На этом они полностью исчерпали свой личный опыт в этом вопросе и перешли к следующему: как им, двум слабым женщинам, вырастить настоящего сильного мужчину. По многим причинам, семейным и сентиментальным, он обречен был носить имя Александр.
С первого же дня обязанности поделили таким образом, что на долю Верочки приходилось кормление грудью, а все остальное взяла на себя Елизавета Ивановна.
Спорт, мужские развлечения и никакого сюсюканья – определила Елизавета Ивановна первоочередные задачи. И действительно, с того дня, как зажила пуповина, она стала занимать внука физкультурой: пригласила массажистку и начала ежедневное обливание мальчика прохладной, но кипяченой водой. Чтобы обеспечить достойные мужские развлечения, она заранее обзавелась в «Детском мире» деревянным ружьем, солдатиками и лошадкой на колесиках. С помощью этих незамысловатых предметов Елизавета Ивановна намеревалась оградить мальчика от горечи безотцовщины, истинные размеры которой должны были определиться спустя короткое время, и воспитать его истинным мужчиной – ответственным, способным принимать самостоятельные решения, уверенным в себе, то есть таким, каким был ее покойный муж.
– Ты должна осваивать принцип максимального расстояния, – сильно забегая вперед, поучала она дочь в первые же дни после выхода из роддома, и в голосе ее прорезывались педагогические ноты. – Когда ребенок подрастет, выпустит, наконец, твою руку и сделает первый шаг в сторону, ты должна будешь совершить свой шаг в противоположном направлении. Это ужасная опасность для всех матерей-одиночек, – безжалостно уточняла Елизавета Ивановна, – соединять себя и ребенка в один организм.
– Почему ты так говоришь, мамочка, – с обидой возражала Вера, – у ребенка, в конце концов, есть отец и он будет принимать участие в его воспитании…
– Проку от него будет как от козла молока. Можешь мне поверить, – припечатала Елизавета Ивановна.
Это было тем более обидно для Верочки, что было уже все договорено и решено – через несколько дней должен был приехать счастливый отец, чтобы наконец объединиться с возлюбленной. В этом самом месте как раз и находилась единственная точка расхождения между обожающими друг друга матерью и дочерью: Елизавета Ивановна презирала верочкиного любовника, многие годы надеялась, что дочь встретит человека более достойного, чем этот нервный и неудачливый артист. Но также, по опыту своей жизни, Елизавета Ивановна хорошо знала, как трудно быть женщине одной, а особенно такой, как ее дочь Верочка, – художественной натуре, не приспособленной к теперешней мужской грубости. Да ладно уж, пусть хоть кто-то… И она буркнула не совсем кстати:
– А, какая барыня ни будь, все равно ее е…ть…

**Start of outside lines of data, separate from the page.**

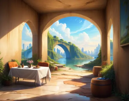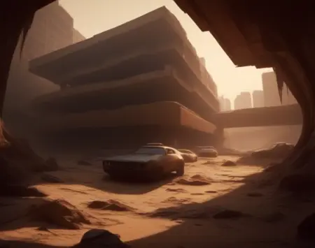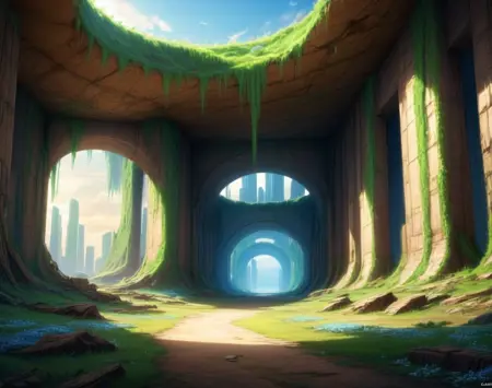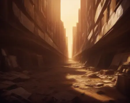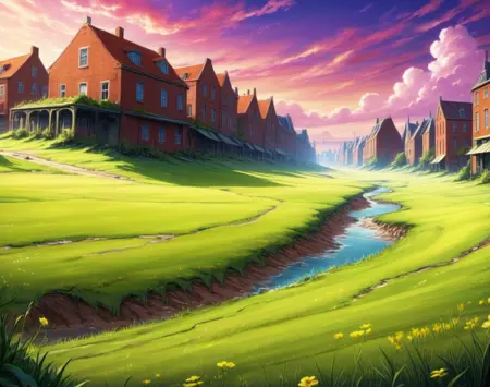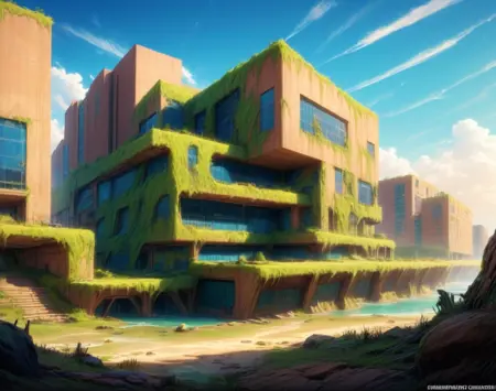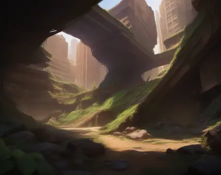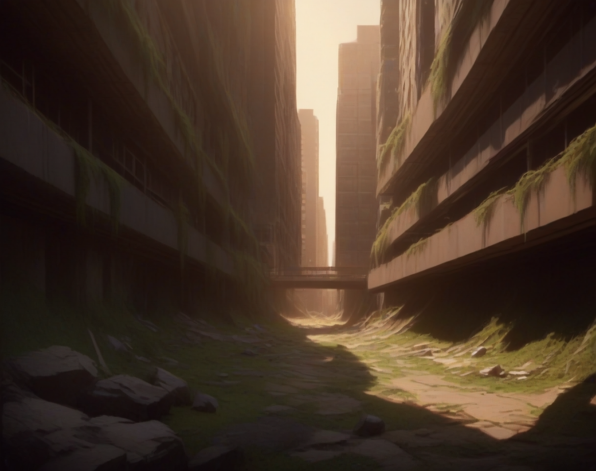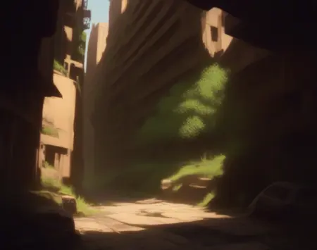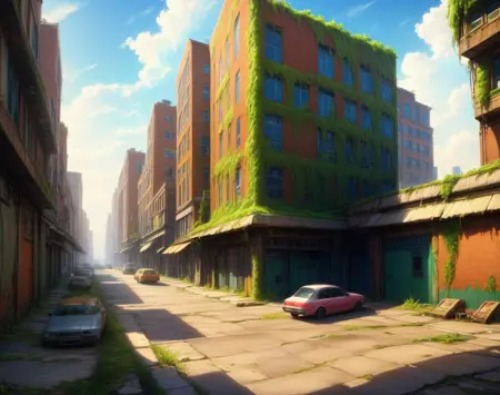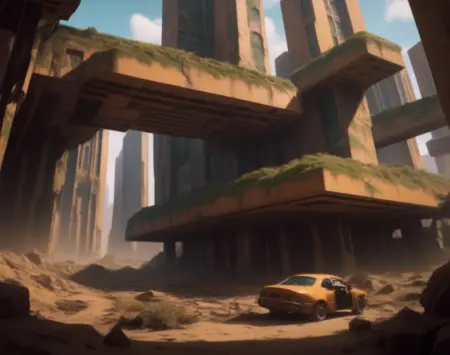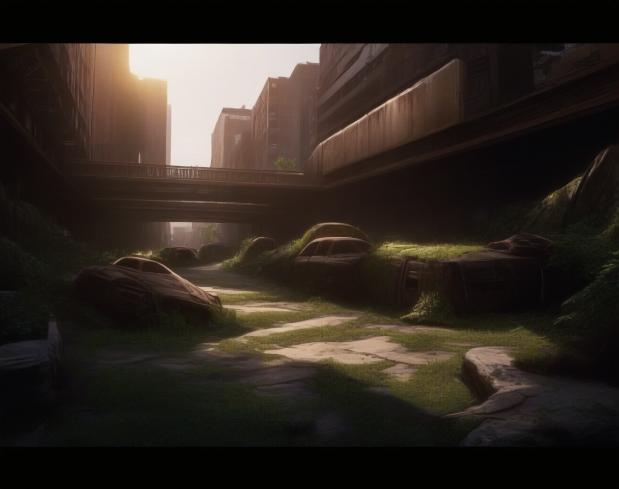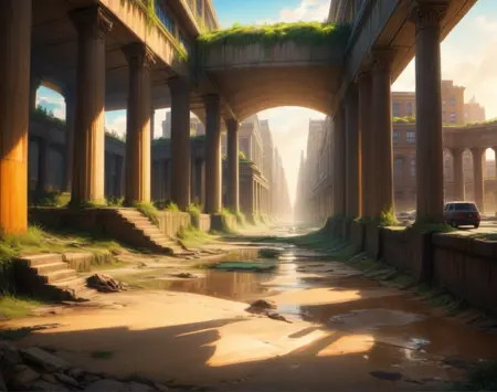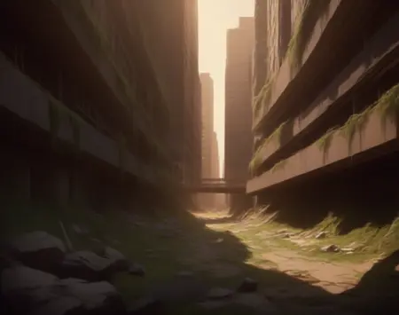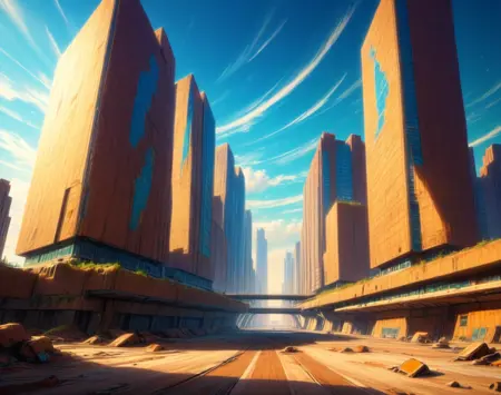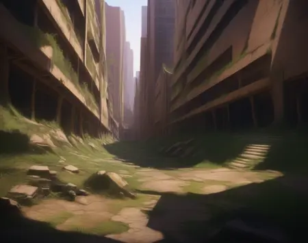 このLoRA用のプロンプトは(PostApocalypticCity, background, landscape)です。
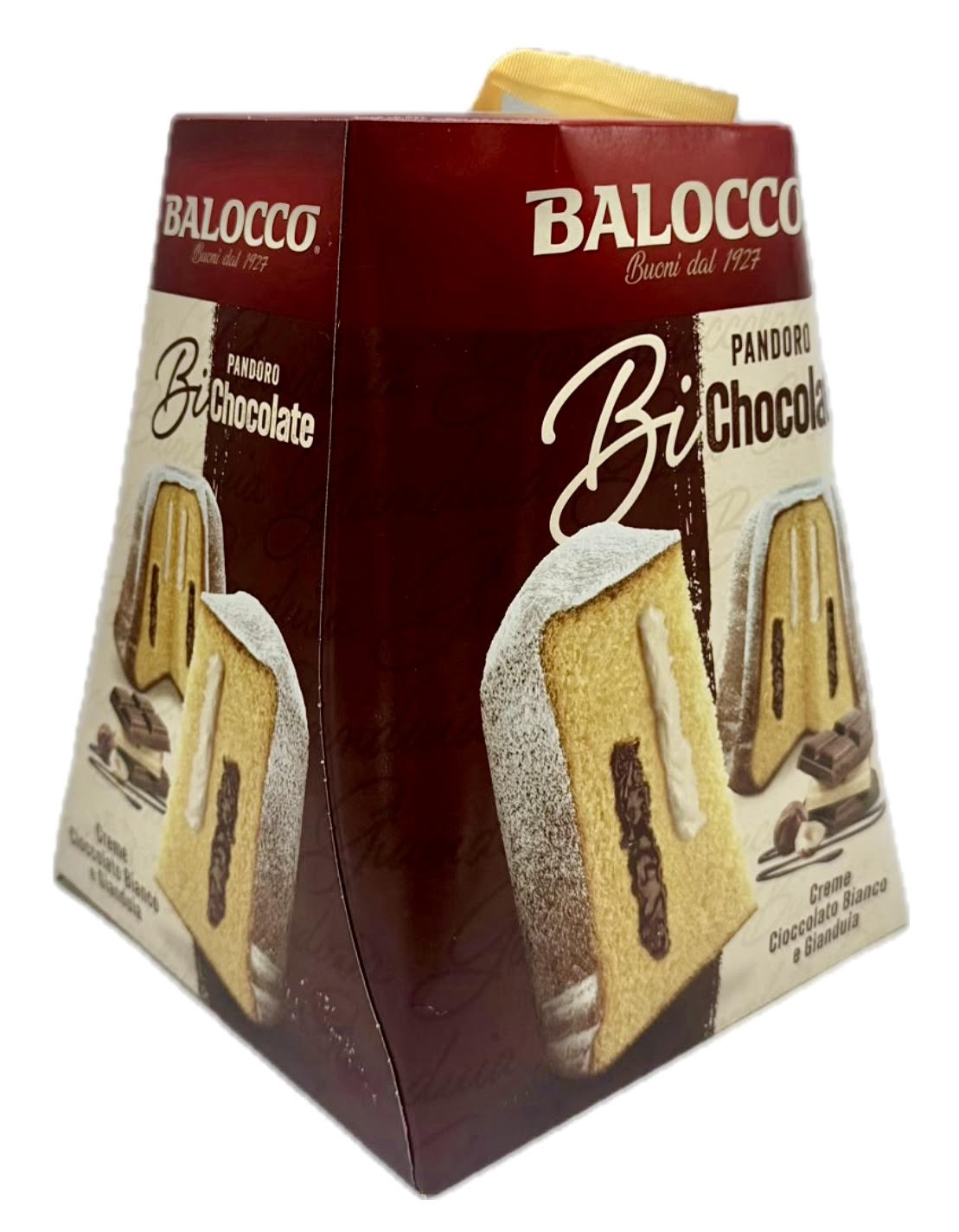 Balocco Pandoro Bi-Chocolate is a traditional Italian holiday cake made with premium ingredients. This fluffy, star-shaped cake is filled with rich white chocolate and gianduia creams, and comes with a sachet of fine sugar for dusting. Perfect for festive celebrations, it offers a delightful blend of buttery sweetness and chocolatey goodness.
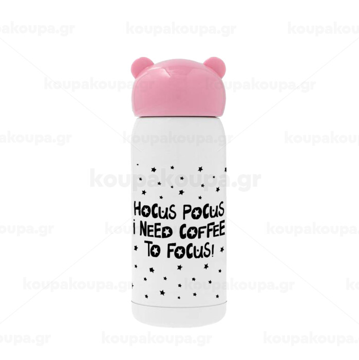 Hocus pocus i need coffee to focus - halloween, Ροζ ανοξείδωτο παγούρι θερμό (Stainless steel), 320ml
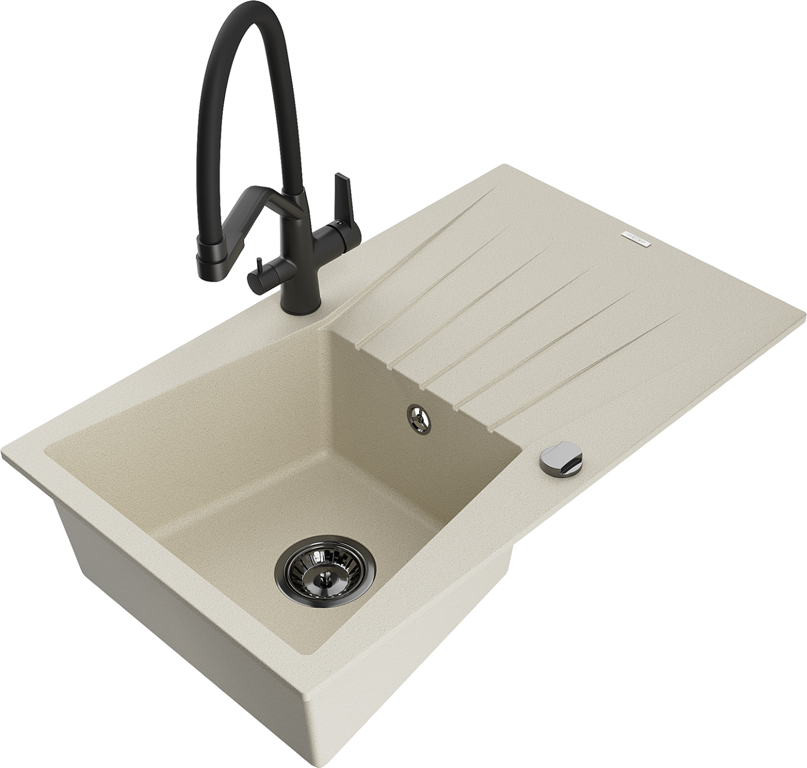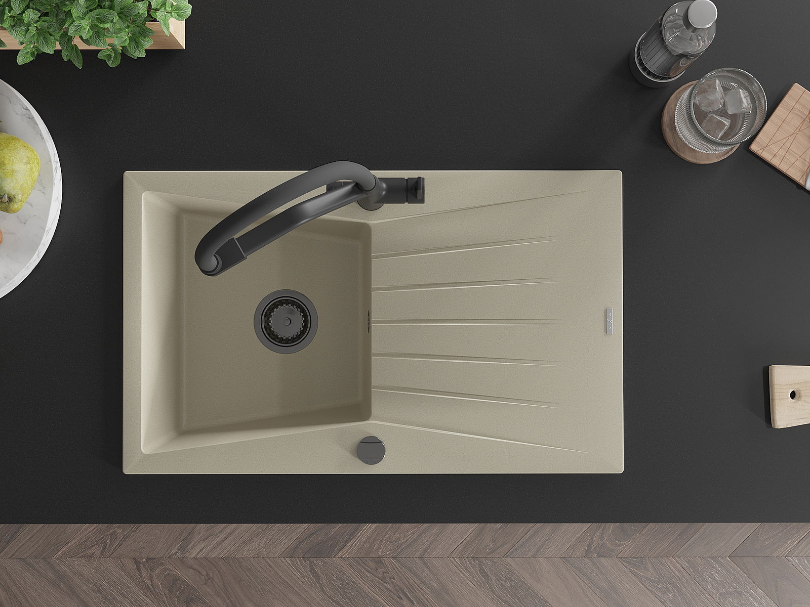 Mexen Cesar évier en granit 1 bac avec égouttoir et robinet de cuisine Duo, beige - 6514-69-671701-70-B
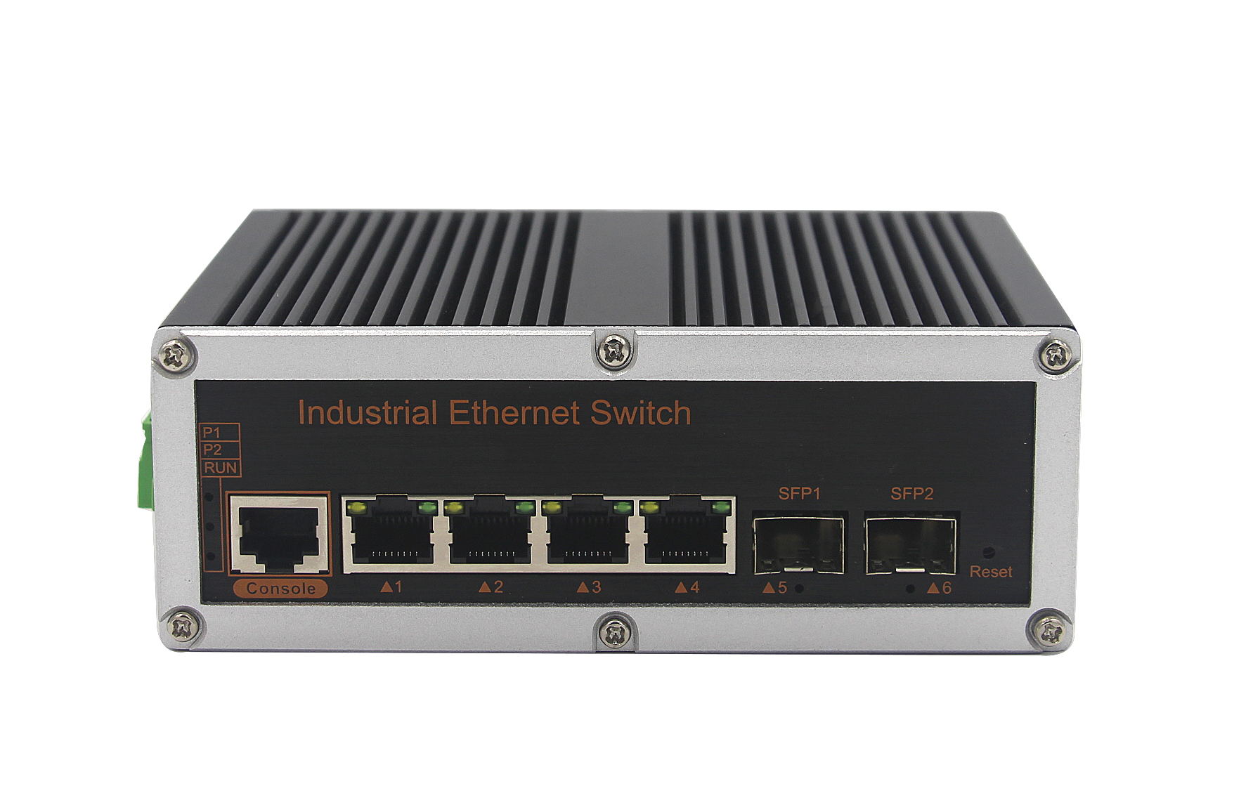 網管型千兆2光4電工業級以太網交換機,產品符合FCC、CE、ROHS標準。支持2個千兆光口和4個千兆電口,支持一路console口;支持工業現場所需的以太網二層協議,保證通信網絡的穩定性;該系列交換機采用低功耗、無風扇設計,確保無噪聲干擾,同時支持-40~85℃工作溫度和良好的EMC電磁兼容性能,保證在惡劣的工業環境中保持穩定的工作,為工廠自動化,智能交通,視頻監控等工業應用領域組建快速穩定的網絡終端接入網絡提供安全可靠的解決方案。護等級的外殼及 LED 指示燈,使之成為一個即插即用的工業級設備,為用戶的以太網設備聯網提供可靠、便捷的解決方案。
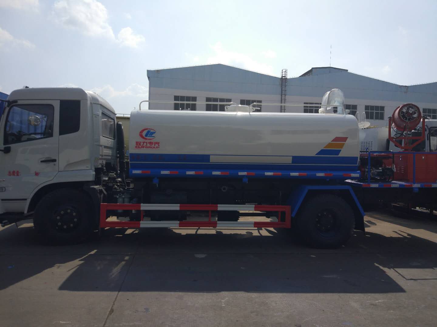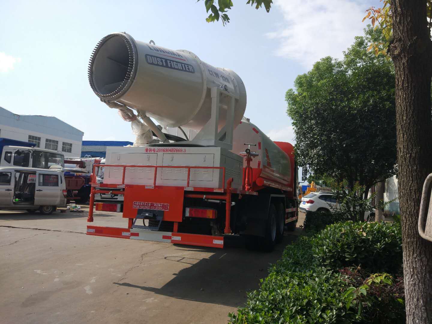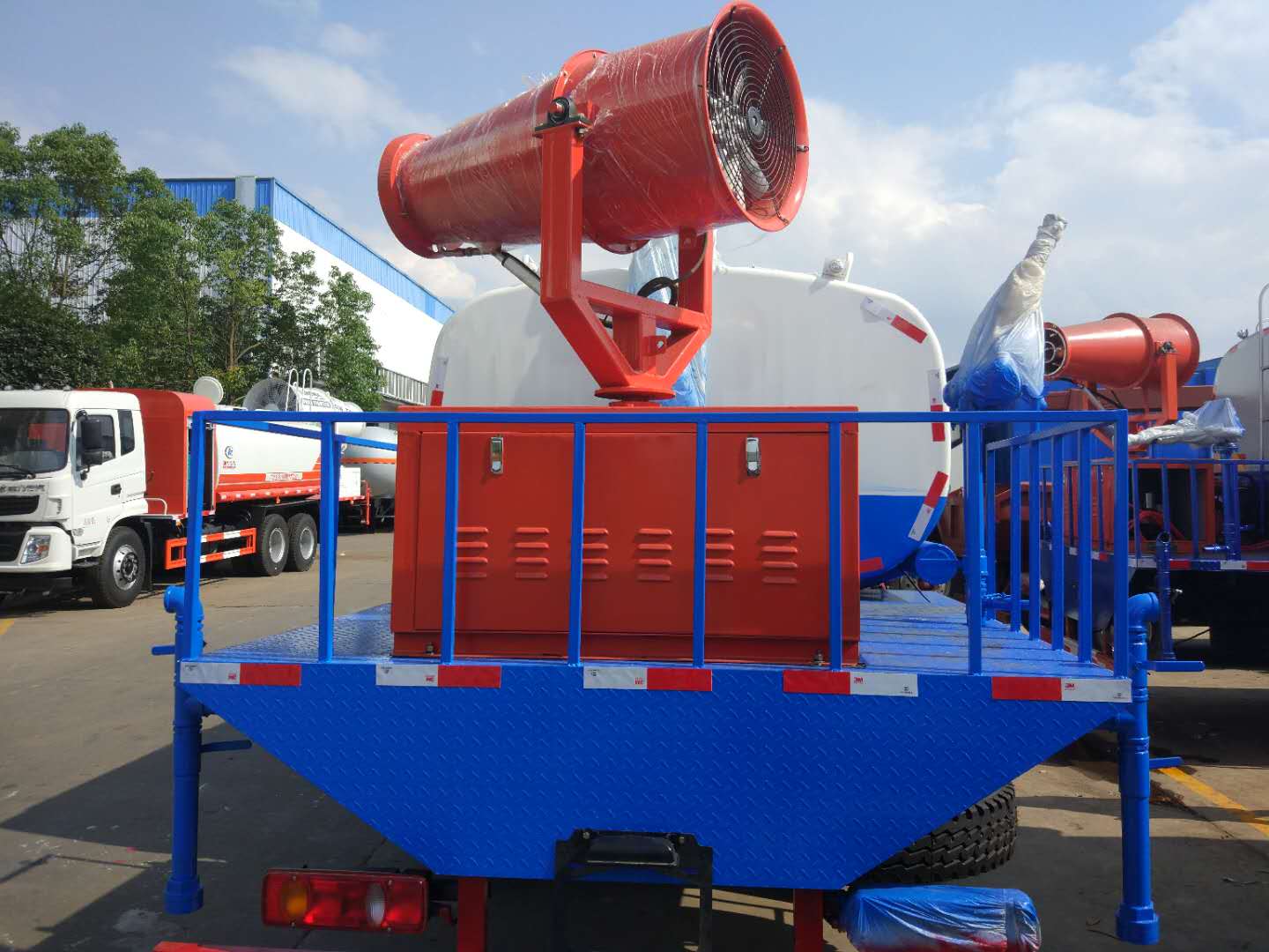 三、、灑水車用于除塵作業:灑水車在灑水時可將空氣中的灰塵和微小顆粒物沉積下來,減少空氣中危害人體的雜質,對人體的健康有利,起到除塵的作用,像一些灰塵較大的工地、水泥廠等灰塵比較大的環境,這時候灑水車尾部平臺上加裝風送式噴霧機組就起到除塵,抑塵的作用。
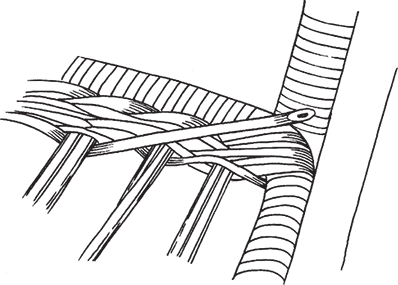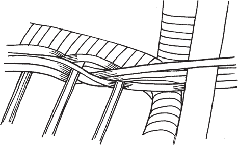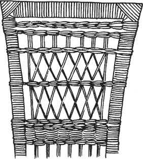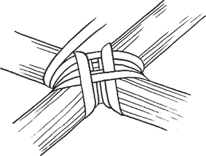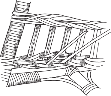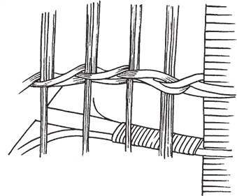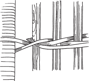 Рис. 57. Фиксация стоячков веревочкой, сплетенной из 3 прутьев

Она обожала пословицы и поговорки и знала их множество, даже и латинские. Будучи исключительна строга в русской речи, она использовала иногда совершенно неприличные выражения, если они были освящены фразеологическим словарем…
– Ну, знаешь ли, мама… – изумилась Вера, – ты уж слишком…
Елизавета Ивановна спохватилась:
– Ну, прости, прости, уж меньше всего хотела тебя обидеть.
Однако, несмотря на материнскую грубость, Вера как будто оправдывалась:
– Мамочка, ты же знаешь, он на гастролях…
Видя огорченное лицо дочери, Елизавета Ивановна дала задний ход:
– Да Бог с ним совсем, Верочка… Мы и сами своего мальчика вырастим.
Напророчила… Погиб Александр Сигизмундович через полтора месяца после рождения Шурика. Он попал под машину на улице Восстания, возле Московского вокзала, вернувшись в Ленинград после первого знакомства с новорожденным сыном. Престарелый отец был полон окончательной решимости объявить наконец своей богатырской Соне, что уходит от нее, оставляет ей с дочкой ленинградскую квартиру и переезжает в Москву. Первые два пункта в точности исполнились. Только вот переехать не успел…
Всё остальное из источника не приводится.